▶ TASK INPUTS
+ + +
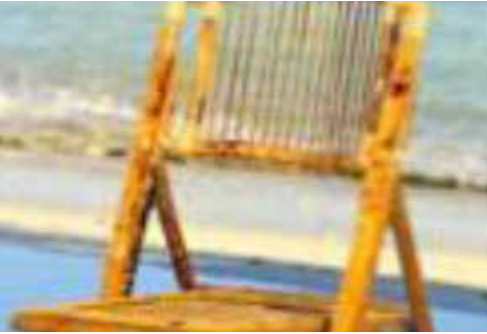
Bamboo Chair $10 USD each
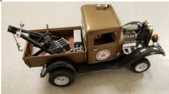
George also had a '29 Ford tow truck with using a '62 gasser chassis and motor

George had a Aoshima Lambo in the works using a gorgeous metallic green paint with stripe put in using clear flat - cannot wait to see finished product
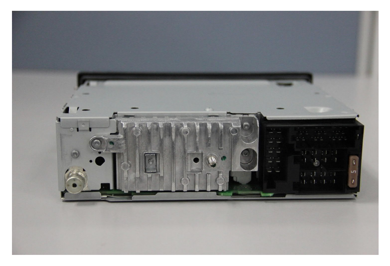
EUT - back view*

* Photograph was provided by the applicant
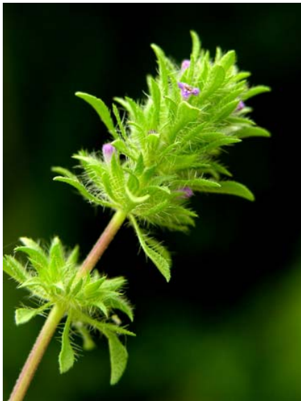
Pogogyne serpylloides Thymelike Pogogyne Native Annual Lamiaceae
+ + +
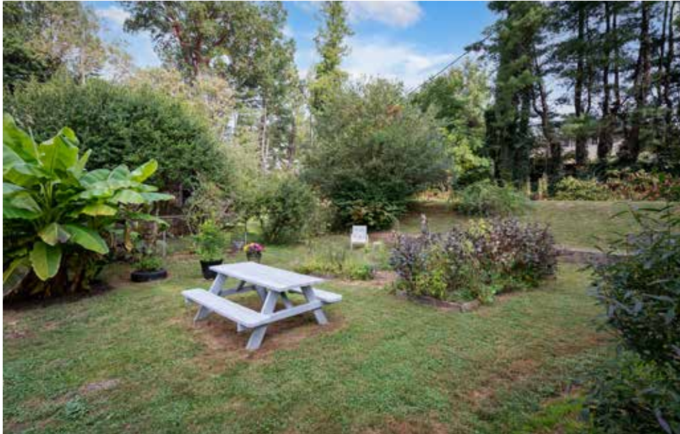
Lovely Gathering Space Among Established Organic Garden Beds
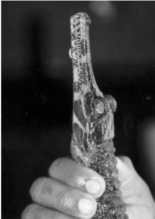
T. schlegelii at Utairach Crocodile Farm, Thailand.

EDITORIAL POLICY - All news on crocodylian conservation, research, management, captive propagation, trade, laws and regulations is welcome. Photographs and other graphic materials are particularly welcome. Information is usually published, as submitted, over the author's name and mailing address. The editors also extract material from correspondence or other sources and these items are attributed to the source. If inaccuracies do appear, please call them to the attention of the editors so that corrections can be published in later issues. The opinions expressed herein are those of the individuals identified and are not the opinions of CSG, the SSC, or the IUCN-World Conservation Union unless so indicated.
+ + +
▶ WHAT THIS TASK INVOLVES
From the records above, copy only the lines running from the line containing "George also had" to the line containing "Pogogyne serpylloides Thymelike", both ends included. Leave the pictures out.

▶ RESPONSE TO THIS EXERCISE
George also had a '29 Ford tow truck with using a '62 gasser chassis and motor

George had a Aoshima Lambo in the works using a gorgeous metallic green paint with stripe put in using clear flat - cannot wait to see finished product
EUT - back view*

* Photograph was provided by the applicant
Pogogyne serpylloides Thymelike Pogogyne Native Annual Lamiaceae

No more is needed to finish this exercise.